Près de la moitié des personnes ne pratiquant pas d’activité sportive déclare ne souhaiter en pratiquer aucune. Réel déni ? Démotivation ? Peur du regard des autres ? Le prétexte du handicap pourrait être levé par l’utilisation d’équipements adaptés, or ces équipements sont rares et surtout coûteux. Les difficultés financières, citées par 11 % des personnes ne pratiquant pas d’activité sportive, représentent en réalité un frein bien plus important à la pratique sportive qu’il n’y paraît.
Séjours de vacances
| 86% des personnes interrogées déclarent partir en vacances au moins une fois par an | 14% des personnes interrogées déclarent ne jamais partir en vacances |
| 71% des personnes partant en vacances
déclarent être confrontées à des difficultés
pour partir ou durant leur séjour. Les difficultés rencontrées * : - besoin d’accompagnement : 52 % - tarifs trop élevés : 45 % - difficulté à trouver un lieu d’accueil adapté : 24 % - difficulté à trouver un moyen de transport adapté : 21 % * Total supérieur à 100. Plusieurs réponses possibles | Les 3 raisons les plus invoquées * : - difficultés financières : 67 % - impossibilité de voyager sans accompagnement : 33 % * Plusieurs réponses possibles |
Si une grande majorité des personnes interrogées partent en vacances au moins une fois par an, elles sont 71 % à être confrontées à des difficultés pour partir en vacances ou durant leur séjour. Ces difficultés (besoin d’accompagnement et difficultés financières) sont d’ailleurs les mêmes que celles invoquées par les personnes ne partant pas en vacances. Difficultés également relevées par Christian : « Prenez l’exemple des gares TGV, c’est très difficile de voyager, il vaut mieux se faire accompagner. Moi je constate qu’il y a quelques années je voyageais toujours seul pour me rendre chez la famille ou chez des amis par le train à travers la France. Maintenant je demande à être accompagné plus fréquemment. Et je sais que ce n’est pas toujours facile. » (De la lucidité à l’espérance, Regards croisés sur le handicap, www.koinai.net).
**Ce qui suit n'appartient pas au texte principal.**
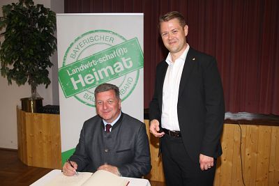 Mühldorf a. Inn. Auf Einladung des Mühldorfer Bauernverbandes besuchte vor kurzem Bayerns Staatsnminister für Wohnen, Bau und Verkehr, Christian Bernreiter, den Hof von BBV-Kreisobmann und Stadtrat Ulrich Niederschweiberer, um für Landwirte wichtige Themen zu besprechen. Dabei trug sich der Staatsminister auch ins Goldene Buch der Kreisstadt Mühldorf a. Inn ein. Gemeinsam mit 1. Bürgermeister Michael Hetzl besprach Staatsminister Bernreiter wichtige Themen wie Grundwasser, die Mühldorfer Trinkwasserqualität sowie allgemeine Bauprojekte.
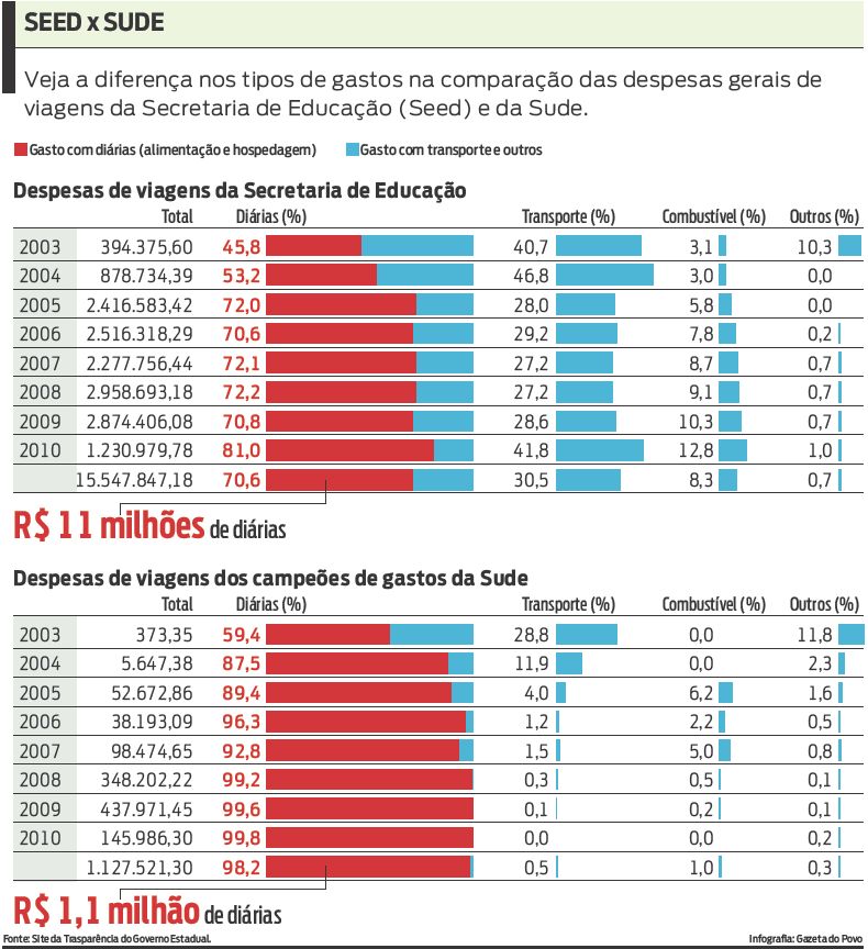 As denúncias do esquema de fraude com diárias de viagens na Secretaria de Estado da Educação (Seed) estão sendo investigadas desde junho. Atualmente, três instâncias diferentes do poder público estão debruçados na apuração do caso: a assessoria jurídica da Seed, o Ministério Público Estadual (MP) e a Secretaria Especial de Ouvidoria e Corregedoria do Estado. Hoje pela manhã, a Corregedoria divulgará o resultado de sua auditoria, feita nas diárias de viagens da Seed desde 2007.
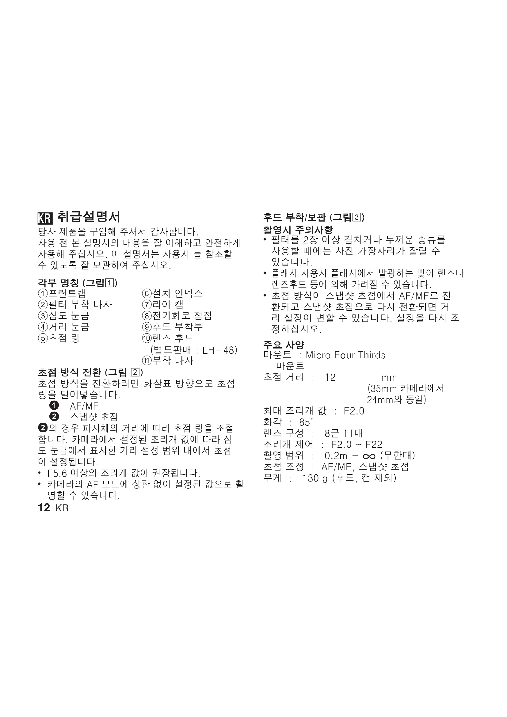 사용 설명서 ED 12mm F2.0 OLYMPUS
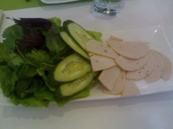 三式扎肉 这个菜来源至法国式香肠,越南曾经是法国的殖民地。是用猪肉、薯粉、鱼露制成,切成片,有点像午餐肉,再用生菜、香叶、青瓜包着,蘸着鱼露吃,非常清谈。
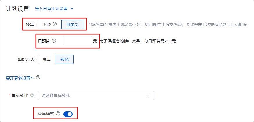 【搜索推廣】新建計劃出價方式設置升級:支持設置“增強模式”“目標轉化成本”或“放量模式”
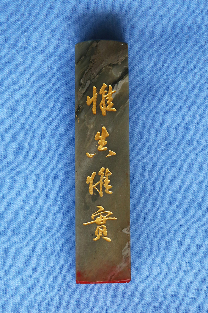李岚清同志赠送的这枚印章尺寸为2.8×2.8×12.5厘米,印材为石质,创作于2014年年底,“惟真惟实”的四字校训为小篆字体,还刻有行草体“赠437ccm·必赢国际(华东),李岚清刊,甲午岁末”字样。
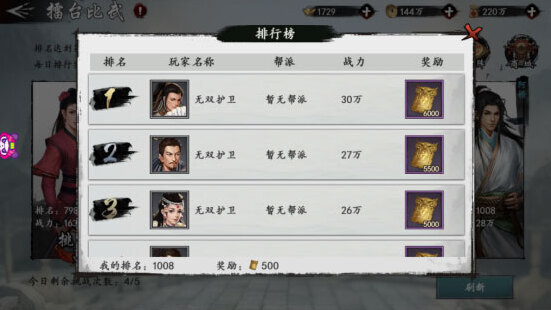 在擂台比武中,大侠可以选择心仪的比武对象并发起挑战。位于最右侧的是大侠自己的当前排名和战力。挑战对手前可以先行查看对方的战力和排名,这样才能知己知彼百战百胜。每日共有5次挑战次数,如果你对场上的四位对手不满意,还可以选择刷新,随机更换其他对手供大侠挑选。
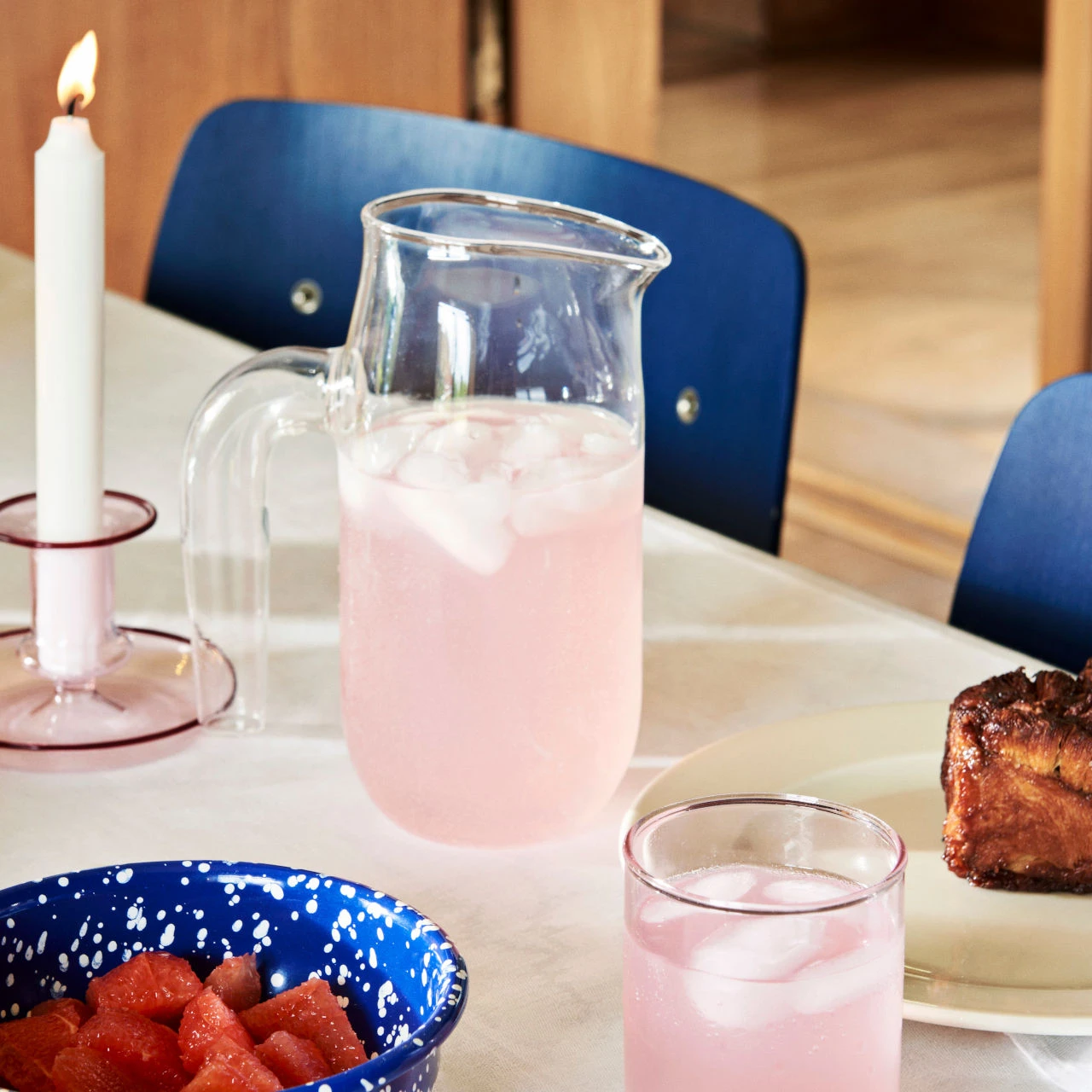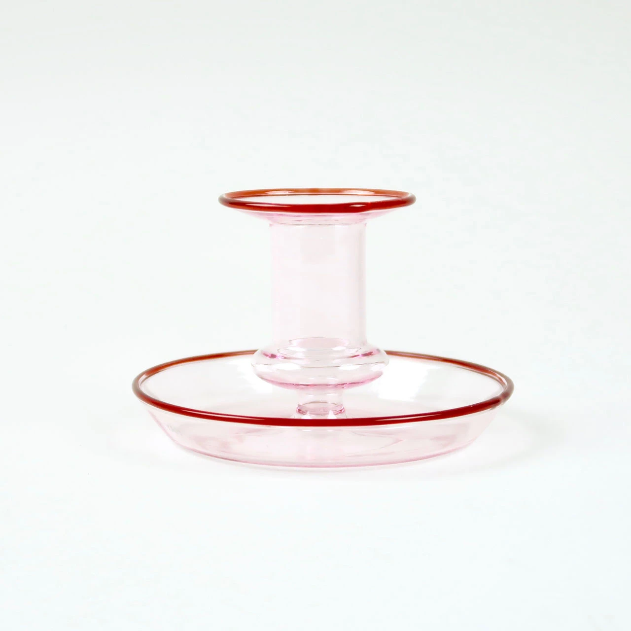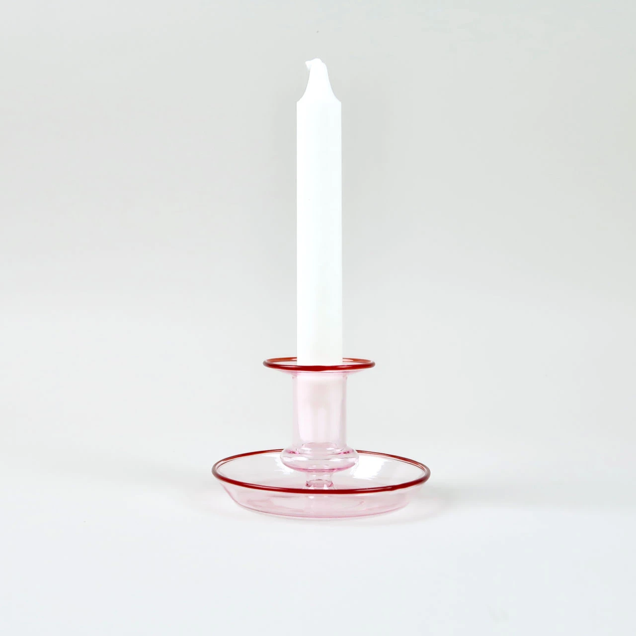 This glass candlestick is made by the danish design brand hay. It features a tray around the base of the candle holder which enables both the capture of any wax that drips from the candle and also provides a platform from which the candlestick can be gripped and moved from place to place. The candlestick comes in three different colour variations, pink, as here and also amber and yellow. The translucent glass would look great against a white tablecloth on a dining table and also lets the candlelight shine through. Comes in a hay branded box. Takes a standard dinner candle. Small variations can occur from one piece to another.

Les personnes interrogées déclarent également éprouver des difficultés à trouver un lieu d’accueil adapté. Pour faciliter les séjours de vacances des personnes handicapées, l’Association Tourisme et Handicap a créé un label « Tourisme et Handicap » [5]. Il s’adresse aux professionnels du tourisme et prestataires de services qui souhaitent ouvrir leurs établissements ou leurs sites au public le plus large. Il concerne :
- les hébergements : hôtels, villages de vacances, maisons familiales, chambres d’hôtes, centres d’accueil de jeunes, auberges de jeunesse, résidences de tourisme, locations de meublés et de gîtes, campings, ....
- la restauration : restaurants, bars, brasseries, fermes auberges...
- les sites touristiques : monuments, musées, salles d’exposition, châteaux, sites remarquables, jardins... - les sites de loisirs : parc à thème, salles de spectacles, équipements sportifs et récréatifs, piscines et équipements balnéaires, bases de loisirs, salles de sport...
L’évaluation repose sur un cahier des charges très précis, qui détermine la largeur des portes, la hauteur des interrupteurs, des barres, des axes de rotation, des points de transferts, les aménagements requis dans la salle de bains...
A ce jour, dans les Bouches-du-Rhône, 82 structures et équipements touristiques sont entrés dans la démarche Tourisme et Handicap et 12 sont labellisés.
Une autre difficulté rencontrée par les personnes interrogées concerne les moyens de transport. La SNCF se targue d’offrir de nombreuses facilités aux personnes handicapées. Mais les prestations varient d’une gare à l’autre. Ainsi, certains parcours ne sont pas desservis par des trains permettant la réservation d’un espace dédié à un fauteuil roulant. Il faut alors se rendre en gare (sic !) pour bénéficier d’une prise en charge personnalisée. Le service Minitel ne permet pas de bénéficier actuellement des avantages liés à la carte d’invalidité ou encore de réserver l’espace dédié aux fauteuils roulants. A Marseille, la Gare Saint-Charles bénéficie néanmoins d’un certain nombre d’équipements pour les personnes handicapées : emplacements de parkings aménagés, cabines téléphoniques surbaissées, fauteuils roulants, ascenseurs, toilettes aménagées, bande d’éveil de vigilance.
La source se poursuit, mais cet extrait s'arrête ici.